* What is expected
Return every line from the one with "주최/주관 : 쇠바우골" through the one with "EN 407: PROTEÇÃO", inclusive, exactly as it appears below.

Material supplied Block Start

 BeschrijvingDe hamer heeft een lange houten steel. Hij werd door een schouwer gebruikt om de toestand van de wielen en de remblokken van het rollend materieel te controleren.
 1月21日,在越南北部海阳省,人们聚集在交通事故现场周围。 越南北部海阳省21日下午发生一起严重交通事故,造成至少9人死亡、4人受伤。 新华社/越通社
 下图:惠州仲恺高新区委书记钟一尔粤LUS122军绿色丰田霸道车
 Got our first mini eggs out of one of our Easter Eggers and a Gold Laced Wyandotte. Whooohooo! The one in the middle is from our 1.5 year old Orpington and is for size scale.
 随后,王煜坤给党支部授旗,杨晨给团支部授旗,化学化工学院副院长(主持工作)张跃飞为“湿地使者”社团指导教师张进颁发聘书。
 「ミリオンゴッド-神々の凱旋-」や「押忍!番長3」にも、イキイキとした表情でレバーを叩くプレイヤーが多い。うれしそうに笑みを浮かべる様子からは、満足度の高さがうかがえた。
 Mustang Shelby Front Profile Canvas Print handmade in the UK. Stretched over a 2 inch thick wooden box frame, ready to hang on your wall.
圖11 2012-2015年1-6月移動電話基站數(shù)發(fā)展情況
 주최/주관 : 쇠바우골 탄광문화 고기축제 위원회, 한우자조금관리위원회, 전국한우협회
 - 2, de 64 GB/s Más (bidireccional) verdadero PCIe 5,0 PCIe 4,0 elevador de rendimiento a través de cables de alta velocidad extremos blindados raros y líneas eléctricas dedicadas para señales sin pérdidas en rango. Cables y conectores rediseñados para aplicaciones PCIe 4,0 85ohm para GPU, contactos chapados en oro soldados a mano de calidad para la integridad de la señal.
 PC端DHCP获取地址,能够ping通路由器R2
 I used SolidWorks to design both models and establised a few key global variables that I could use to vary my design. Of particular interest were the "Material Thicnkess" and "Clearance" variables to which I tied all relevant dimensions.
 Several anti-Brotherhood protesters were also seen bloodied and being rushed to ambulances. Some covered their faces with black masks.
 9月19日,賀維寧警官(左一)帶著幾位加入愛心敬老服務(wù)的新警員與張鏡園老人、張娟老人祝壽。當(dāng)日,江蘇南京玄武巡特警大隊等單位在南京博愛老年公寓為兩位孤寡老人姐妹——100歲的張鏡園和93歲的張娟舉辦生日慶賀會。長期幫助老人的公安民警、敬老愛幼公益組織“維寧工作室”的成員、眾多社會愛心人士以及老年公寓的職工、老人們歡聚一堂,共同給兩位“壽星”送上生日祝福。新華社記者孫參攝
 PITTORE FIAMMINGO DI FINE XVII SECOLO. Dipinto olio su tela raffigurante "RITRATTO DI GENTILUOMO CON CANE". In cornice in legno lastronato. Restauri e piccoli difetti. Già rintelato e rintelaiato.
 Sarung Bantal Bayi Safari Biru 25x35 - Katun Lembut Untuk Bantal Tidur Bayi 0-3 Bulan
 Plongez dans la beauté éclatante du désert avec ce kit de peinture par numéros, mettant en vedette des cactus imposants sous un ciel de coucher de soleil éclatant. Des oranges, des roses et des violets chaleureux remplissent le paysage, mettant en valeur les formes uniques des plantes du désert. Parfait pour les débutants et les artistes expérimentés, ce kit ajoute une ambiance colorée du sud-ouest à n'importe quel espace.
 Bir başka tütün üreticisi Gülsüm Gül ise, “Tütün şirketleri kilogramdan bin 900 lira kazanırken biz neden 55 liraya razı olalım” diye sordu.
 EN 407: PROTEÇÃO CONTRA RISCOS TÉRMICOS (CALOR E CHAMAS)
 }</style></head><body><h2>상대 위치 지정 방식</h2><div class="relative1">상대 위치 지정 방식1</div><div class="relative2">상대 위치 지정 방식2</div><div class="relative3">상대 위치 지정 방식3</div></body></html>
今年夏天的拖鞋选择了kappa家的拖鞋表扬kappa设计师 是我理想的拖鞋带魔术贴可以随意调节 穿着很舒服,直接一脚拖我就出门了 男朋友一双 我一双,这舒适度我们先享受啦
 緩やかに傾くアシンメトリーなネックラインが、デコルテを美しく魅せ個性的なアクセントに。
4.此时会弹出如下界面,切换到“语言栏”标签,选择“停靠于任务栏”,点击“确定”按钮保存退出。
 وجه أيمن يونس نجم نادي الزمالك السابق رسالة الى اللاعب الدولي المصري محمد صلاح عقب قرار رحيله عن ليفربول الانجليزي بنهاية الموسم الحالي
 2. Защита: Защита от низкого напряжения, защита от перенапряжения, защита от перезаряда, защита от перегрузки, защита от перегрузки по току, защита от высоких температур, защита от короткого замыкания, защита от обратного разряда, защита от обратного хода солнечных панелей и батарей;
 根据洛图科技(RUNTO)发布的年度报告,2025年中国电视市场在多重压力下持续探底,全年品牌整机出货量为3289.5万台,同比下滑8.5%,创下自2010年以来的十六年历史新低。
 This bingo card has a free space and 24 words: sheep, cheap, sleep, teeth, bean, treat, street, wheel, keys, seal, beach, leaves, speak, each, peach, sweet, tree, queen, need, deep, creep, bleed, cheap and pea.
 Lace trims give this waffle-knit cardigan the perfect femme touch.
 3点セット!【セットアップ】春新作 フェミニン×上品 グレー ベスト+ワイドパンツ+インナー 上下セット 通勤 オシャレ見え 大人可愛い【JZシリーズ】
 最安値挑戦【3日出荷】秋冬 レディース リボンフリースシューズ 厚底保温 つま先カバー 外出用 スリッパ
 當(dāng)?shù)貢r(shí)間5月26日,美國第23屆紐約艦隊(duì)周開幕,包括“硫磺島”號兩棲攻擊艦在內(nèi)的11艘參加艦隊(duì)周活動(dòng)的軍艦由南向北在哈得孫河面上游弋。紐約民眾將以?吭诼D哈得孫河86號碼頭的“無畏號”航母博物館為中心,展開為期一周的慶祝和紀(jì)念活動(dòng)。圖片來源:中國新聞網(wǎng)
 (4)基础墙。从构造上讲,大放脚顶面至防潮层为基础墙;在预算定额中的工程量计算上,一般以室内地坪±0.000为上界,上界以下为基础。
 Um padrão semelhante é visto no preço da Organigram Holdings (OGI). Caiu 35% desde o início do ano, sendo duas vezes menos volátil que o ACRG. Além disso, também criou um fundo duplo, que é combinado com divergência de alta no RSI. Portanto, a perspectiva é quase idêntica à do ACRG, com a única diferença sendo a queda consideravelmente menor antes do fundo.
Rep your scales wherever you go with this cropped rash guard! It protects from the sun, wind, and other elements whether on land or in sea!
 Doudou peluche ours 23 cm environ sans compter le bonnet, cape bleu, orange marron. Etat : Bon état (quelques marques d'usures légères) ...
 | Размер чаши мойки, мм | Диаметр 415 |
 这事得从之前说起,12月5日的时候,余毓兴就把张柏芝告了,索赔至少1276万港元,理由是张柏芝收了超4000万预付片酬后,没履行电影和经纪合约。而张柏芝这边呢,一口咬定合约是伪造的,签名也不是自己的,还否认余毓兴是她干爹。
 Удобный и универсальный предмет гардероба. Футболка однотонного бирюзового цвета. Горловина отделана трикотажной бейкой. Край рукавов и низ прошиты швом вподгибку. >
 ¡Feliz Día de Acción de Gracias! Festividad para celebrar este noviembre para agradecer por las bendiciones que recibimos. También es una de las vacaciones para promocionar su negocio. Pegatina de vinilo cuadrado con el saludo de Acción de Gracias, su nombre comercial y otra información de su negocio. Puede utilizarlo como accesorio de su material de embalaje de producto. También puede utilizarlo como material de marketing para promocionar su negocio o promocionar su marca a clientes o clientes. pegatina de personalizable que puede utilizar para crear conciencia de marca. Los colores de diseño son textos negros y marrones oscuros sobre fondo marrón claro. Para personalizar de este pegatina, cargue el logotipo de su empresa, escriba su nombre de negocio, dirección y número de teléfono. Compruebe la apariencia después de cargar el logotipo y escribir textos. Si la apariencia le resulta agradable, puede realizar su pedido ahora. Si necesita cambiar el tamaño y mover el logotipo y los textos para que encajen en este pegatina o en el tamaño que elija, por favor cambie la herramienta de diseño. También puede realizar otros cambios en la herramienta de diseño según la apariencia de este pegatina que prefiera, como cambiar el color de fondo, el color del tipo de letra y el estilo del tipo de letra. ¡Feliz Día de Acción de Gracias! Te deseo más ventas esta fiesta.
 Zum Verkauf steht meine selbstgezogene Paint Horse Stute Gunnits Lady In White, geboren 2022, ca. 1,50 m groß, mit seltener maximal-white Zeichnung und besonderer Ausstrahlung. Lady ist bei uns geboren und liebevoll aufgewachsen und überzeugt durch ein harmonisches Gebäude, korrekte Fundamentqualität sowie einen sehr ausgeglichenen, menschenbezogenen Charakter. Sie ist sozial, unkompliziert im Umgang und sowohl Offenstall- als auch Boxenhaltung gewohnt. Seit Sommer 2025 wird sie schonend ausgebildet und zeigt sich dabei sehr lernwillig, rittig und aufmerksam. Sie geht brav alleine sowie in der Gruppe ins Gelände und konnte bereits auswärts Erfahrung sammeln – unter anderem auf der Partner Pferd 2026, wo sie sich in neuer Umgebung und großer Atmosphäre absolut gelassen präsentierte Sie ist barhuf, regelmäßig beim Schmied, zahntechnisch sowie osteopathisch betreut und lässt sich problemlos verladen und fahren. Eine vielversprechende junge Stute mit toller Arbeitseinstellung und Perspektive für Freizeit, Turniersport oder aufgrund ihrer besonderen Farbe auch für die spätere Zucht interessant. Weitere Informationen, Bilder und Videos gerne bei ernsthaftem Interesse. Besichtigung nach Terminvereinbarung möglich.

Material supplied Block End

* Written answer
 주최/주관 : 쇠바우골 탄광문화 고기축제 위원회, 한우자조금관리위원회, 전국한우협회
 - 2, de 64 GB/s Más (bidireccional) verdadero PCIe 5,0 PCIe 4,0 elevador de rendimiento a través de cables de alta velocidad extremos blindados raros y líneas eléctricas dedicadas para señales sin pérdidas en rango. Cables y conectores rediseñados para aplicaciones PCIe 4,0 85ohm para GPU, contactos chapados en oro soldados a mano de calidad para la integridad de la señal.
 PC端DHCP获取地址,能够ping通路由器R2
 I used SolidWorks to design both models and establised a few key global variables that I could use to vary my design. Of particular interest were the "Material Thicnkess" and "Clearance" variables to which I tied all relevant dimensions.
 Several anti-Brotherhood protesters were also seen bloodied and being rushed to ambulances. Some covered their faces with black masks.
 9月19日,賀維寧警官(左一)帶著幾位加入愛心敬老服務(wù)的新警員與張鏡園老人、張娟老人祝壽。當(dāng)日,江蘇南京玄武巡特警大隊等單位在南京博愛老年公寓為兩位孤寡老人姐妹——100歲的張鏡園和93歲的張娟舉辦生日慶賀會。長期幫助老人的公安民警、敬老愛幼公益組織“維寧工作室”的成員、眾多社會愛心人士以及老年公寓的職工、老人們歡聚一堂,共同給兩位“壽星”送上生日祝福。新華社記者孫參攝
 PITTORE FIAMMINGO DI FINE XVII SECOLO. Dipinto olio su tela raffigurante "RITRATTO DI GENTILUOMO CON CANE". In cornice in legno lastronato. Restauri e piccoli difetti. Già rintelato e rintelaiato.
 Sarung Bantal Bayi Safari Biru 25x35 - Katun Lembut Untuk Bantal Tidur Bayi 0-3 Bulan
 Plongez dans la beauté éclatante du désert avec ce kit de peinture par numéros, mettant en vedette des cactus imposants sous un ciel de coucher de soleil éclatant. Des oranges, des roses et des violets chaleureux remplissent le paysage, mettant en valeur les formes uniques des plantes du désert. Parfait pour les débutants et les artistes expérimentés, ce kit ajoute une ambiance colorée du sud-ouest à n'importe quel espace.
 Bir başka tütün üreticisi Gülsüm Gül ise, “Tütün şirketleri kilogramdan bin 900 lira kazanırken biz neden 55 liraya razı olalım” diye sordu.
 EN 407: PROTEÇÃO CONTRA RISCOS TÉRMICOS (CALOR E CHAMAS)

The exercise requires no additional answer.